> **Records shown**:
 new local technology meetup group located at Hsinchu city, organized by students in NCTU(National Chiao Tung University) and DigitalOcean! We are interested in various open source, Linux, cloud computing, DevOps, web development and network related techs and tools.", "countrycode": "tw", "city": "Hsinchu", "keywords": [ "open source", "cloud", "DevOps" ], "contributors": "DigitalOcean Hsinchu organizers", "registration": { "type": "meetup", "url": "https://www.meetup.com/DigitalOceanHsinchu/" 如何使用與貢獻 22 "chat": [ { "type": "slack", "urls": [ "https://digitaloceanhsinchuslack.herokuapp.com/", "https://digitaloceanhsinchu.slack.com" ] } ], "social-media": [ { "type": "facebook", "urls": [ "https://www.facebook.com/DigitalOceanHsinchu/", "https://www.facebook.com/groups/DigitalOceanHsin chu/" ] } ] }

--

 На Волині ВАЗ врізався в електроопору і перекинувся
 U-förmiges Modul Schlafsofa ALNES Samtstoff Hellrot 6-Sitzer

> **Prompt**: Output the lines above exactly, but only those between the line holding "На Волині ВАЗ" and the line holding "U-förmiges Modul Schlafsofa", inclusive.

> **Task result**:
 На Волині ВАЗ врізався в електроопору і перекинувся
 U-förmiges Modul Schlafsofa ALNES Samtstoff Hellrot 6-Sitzer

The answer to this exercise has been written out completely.